One time, for my birthday, my father took me and my then best friend whose name I cannot even remember because he was only a camp friend and I guess it turns out we did not have as much in common as it had seemed at the time, to Six Flags Great America in Gurnee, Illinois. I’m not even sure why we went because I hated roller coasters and still don’t really love them, although in the grand scheme of father-son-relations as I have experienced them, it actually was a fairly thoughtful and grand gesture on the part of my father, because I’m sure HE didn’t care that much about roller-coasters either but just wanted his kid to have a Kids Day, and in those days the Platonic Ideal of a Kids Day involved Six Flags Great America, even I knew that, and was actually very embarrassed of my dislike for roller-coasters, and am already regretting my Frank Ocean-like disdain for my father’s attempt to make me happy, but so, as we were leaving the theme park, I bragged to my friend that for dinner, my father was taking me to a “fancy restaurant,” a concept that was thrilling to me at the time, and remains thrilling to this day. Can you even imagine? ME? At a FANCY RESTAURANT? But after we dropped off whoever even the fuck this kid was, a total stranger apparently, my dad admonished me, telling me that it was very poor form to brag about things like “fancy dinners.” That when one was doing well in life, it was important to enjoy it, but it was also important not to use it to make others think about what they maybe did not have the opportunity to enjoy themselves. I am just using this as an illustration of how easy it is to confront people with their own fears of inadequacy, or even more concretely, their own very real limitations in this world, which sometimes are totally manageable and fine, but sometimes are crushing and make it hard to breathe. You have only to say the words “fancy dinner” to make children shudder with anxiety.
MUCH LESS POST AN IMAGE OF A FUCK OFF CHECK FOR $212,500 AS IF IT WAS GARBAGE TO YOU, AS IF IT WAS YOUR TOILET PAPER.
Punk is dead. 

gabedelahaye:

The above is a photograph of a cashier’s check that Frank Ocean sent to Chipotle after changing his mind about appearing in their advertisement for beef salad (or whatever). As you can see, he wrote “FUCK OFF” in the memo of the check, because that is how adults conduct business, and the image of the check comes from Frank Ocean’s personal blog, because he posted it himself, because he wants us all to bear witness.

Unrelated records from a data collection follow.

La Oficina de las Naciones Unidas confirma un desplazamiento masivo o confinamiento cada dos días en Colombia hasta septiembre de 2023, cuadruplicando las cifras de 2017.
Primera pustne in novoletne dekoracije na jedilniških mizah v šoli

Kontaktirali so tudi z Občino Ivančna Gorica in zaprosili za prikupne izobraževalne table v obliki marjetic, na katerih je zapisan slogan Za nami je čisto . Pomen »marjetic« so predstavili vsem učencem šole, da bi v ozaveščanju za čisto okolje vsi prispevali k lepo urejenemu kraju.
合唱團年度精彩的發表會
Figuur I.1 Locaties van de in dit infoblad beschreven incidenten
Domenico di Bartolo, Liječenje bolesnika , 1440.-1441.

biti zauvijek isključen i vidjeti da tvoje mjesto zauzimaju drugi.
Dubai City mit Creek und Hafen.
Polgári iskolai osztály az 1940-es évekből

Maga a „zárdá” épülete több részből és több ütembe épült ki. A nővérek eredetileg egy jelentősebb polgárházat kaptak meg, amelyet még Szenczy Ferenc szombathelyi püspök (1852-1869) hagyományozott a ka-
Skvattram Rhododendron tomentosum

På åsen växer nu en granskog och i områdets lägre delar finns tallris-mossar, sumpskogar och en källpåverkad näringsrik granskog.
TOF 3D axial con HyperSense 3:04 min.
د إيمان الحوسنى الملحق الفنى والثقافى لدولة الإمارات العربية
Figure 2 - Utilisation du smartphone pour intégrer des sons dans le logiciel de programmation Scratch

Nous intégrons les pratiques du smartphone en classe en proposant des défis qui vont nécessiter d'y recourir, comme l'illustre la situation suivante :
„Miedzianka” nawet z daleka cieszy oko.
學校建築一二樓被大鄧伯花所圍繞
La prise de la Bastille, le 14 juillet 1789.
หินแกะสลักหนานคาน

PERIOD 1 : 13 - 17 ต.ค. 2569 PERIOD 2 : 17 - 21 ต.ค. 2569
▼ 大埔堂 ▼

OH, THANK YOU SO MUCH, FRANK OCEAN! 

Now look:

Frank Ocean is so good at music. He’s so good at music that Chipotle wanted to pay him north of $400,000 for the privilege of using that music in their commercial. And he’s so good at music that he can refuse that money, because his talent affords him other money-making opportunities such that $400,000, while still probably nice even to Frank Ocean, is not important enough to be the guiding factor in his decision making. That is very nice for Frank Ocean. We should all be so lucky as to be in such a position.

But we should all also hope and pray that if the day comes where we are in such fortunate circumstances, circumstances so rare and so privileged that it must be almost impossible to even make sense of it all, how a world that deals so harshly with so many has somehow been so generous when it comes to us, a challenge to even the most thoughtful and emotionally engaged among us’s ability to maintain proper perspective, that we would somehow, right before clicking “Publish to Tumblr” remember, almost like some faint ghostly whispering from a benevolent being outside of ourselves, a guy named Common Sense let’s call him for fun, that not everyone on Earth can be so fucking flippant and disdainful of $212,500. That, in fact, access to $212,500 would change most people’s lives in an instant. That, in fact, our refusal of $212,500, while perhaps rational in the grand scheme of an artist’s search for integrity and purpose, is nevertheless an argument many will not understand, so best to have that discussion behind closed doors. If I’m not mistaken, the whole POINT of being a pop star is to guard at least a LITTLE mystique.

It’s also worth pointing out that he wrote “FUCK OFF” in the memo I guess because he was angry that Chipotle was suing him for that money, but also Chipotle gave him that money as part of a contract, a contract that he then decided he no longer wanted to fulfill. So, like, it’s actually Chipotle’s money? I’ve never even EATEN at a Chipotle, and I know that they are owned and operated by the McDonald’s corporation, and so therefore they are PURE EVIL I AM SURE, the point being that I am no Chipotle Defender, and I am also no Harvard Businessman, but just on the very surface of things: Chipotle hires Frank Ocean for a job, Frank Ocean doesn’t show up to work, Chipotle determines they will not be paying Frank Ocean for missed work, and so he writes FUCK OFF In the memo? What is this? A high school sophomore late for his catering job? A high school junior who feels he is above a paper route this summer? 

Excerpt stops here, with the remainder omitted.